Recorded information =>

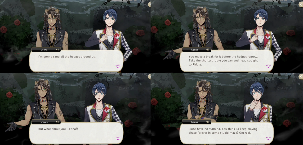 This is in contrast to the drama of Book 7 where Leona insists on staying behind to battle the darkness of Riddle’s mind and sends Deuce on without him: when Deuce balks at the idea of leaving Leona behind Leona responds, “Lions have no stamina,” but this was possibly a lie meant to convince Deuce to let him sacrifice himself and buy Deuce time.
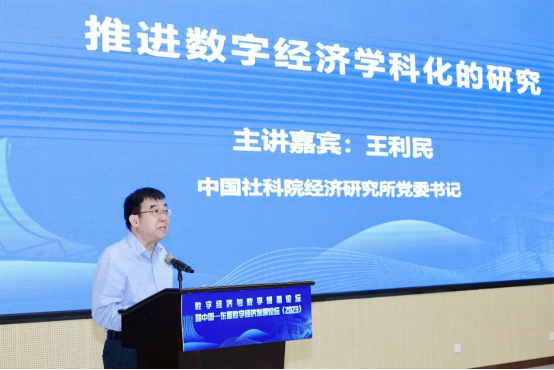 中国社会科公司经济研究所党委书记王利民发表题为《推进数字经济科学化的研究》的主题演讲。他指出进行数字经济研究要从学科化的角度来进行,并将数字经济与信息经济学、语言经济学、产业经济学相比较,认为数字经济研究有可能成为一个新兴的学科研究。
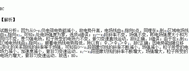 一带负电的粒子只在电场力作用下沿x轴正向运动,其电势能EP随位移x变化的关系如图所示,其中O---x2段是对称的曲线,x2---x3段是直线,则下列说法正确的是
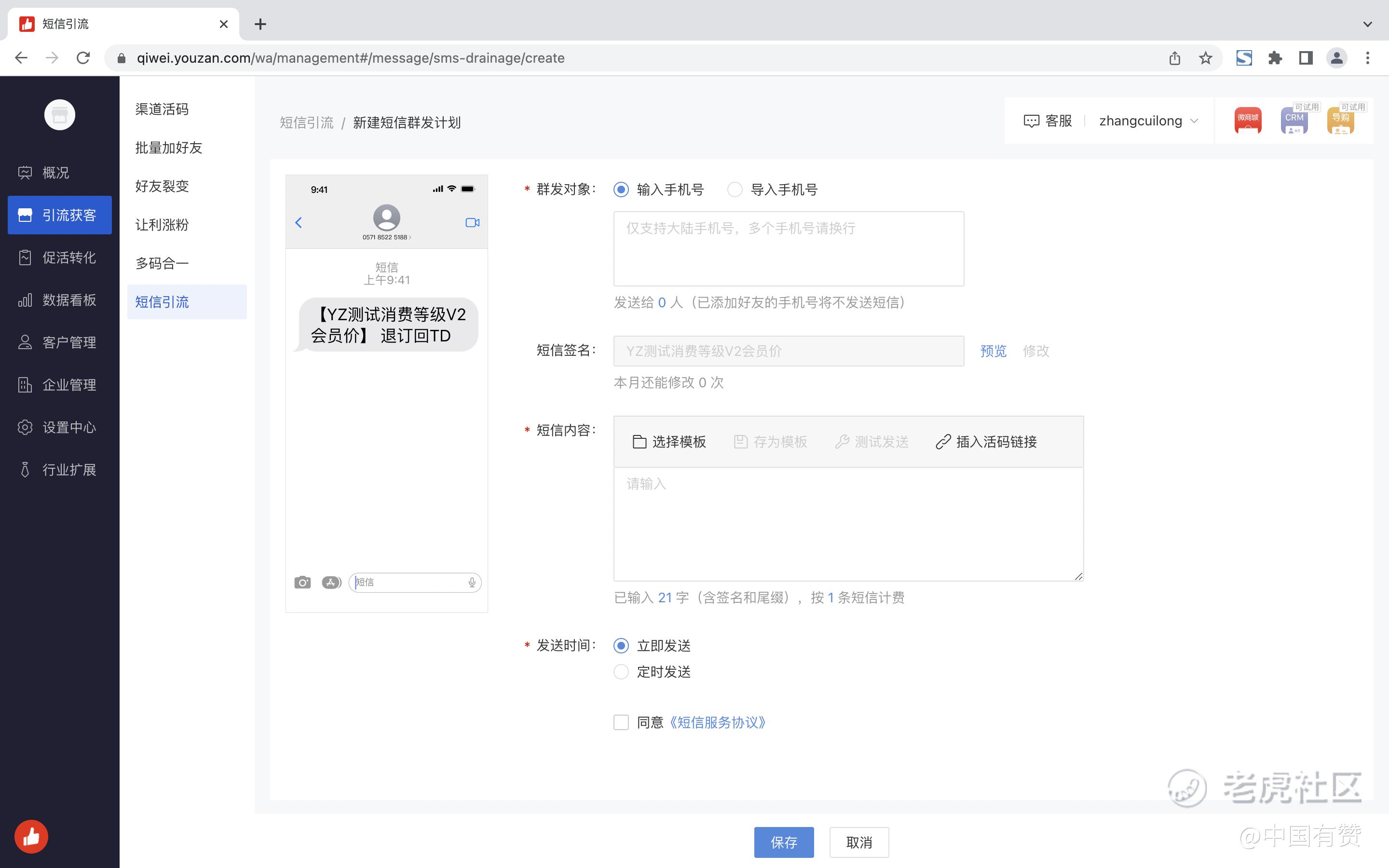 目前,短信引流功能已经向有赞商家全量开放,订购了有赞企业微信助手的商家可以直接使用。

Directions =>
Return the lines of the data above in full and exactly, with no pictures.

Output =>
 This is in contrast to the drama of Book 7 where Leona insists on staying behind to battle the darkness of Riddle’s mind and sends Deuce on without him: when Deuce balks at the idea of leaving Leona behind Leona responds, “Lions have no stamina,” but this was possibly a lie meant to convince Deuce to let him sacrifice himself and buy Deuce time.
 中国社会科公司经济研究所党委书记王利民发表题为《推进数字经济科学化的研究》的主题演讲。他指出进行数字经济研究要从学科化的角度来进行,并将数字经济与信息经济学、语言经济学、产业经济学相比较,认为数字经济研究有可能成为一个新兴的学科研究。
 一带负电的粒子只在电场力作用下沿x轴正向运动,其电势能EP随位移x变化的关系如图所示,其中O---x2段是对称的曲线,x2---x3段是直线,则下列说法正确的是
 目前,短信引流功能已经向有赞商家全量开放,订购了有赞企业微信助手的商家可以直接使用。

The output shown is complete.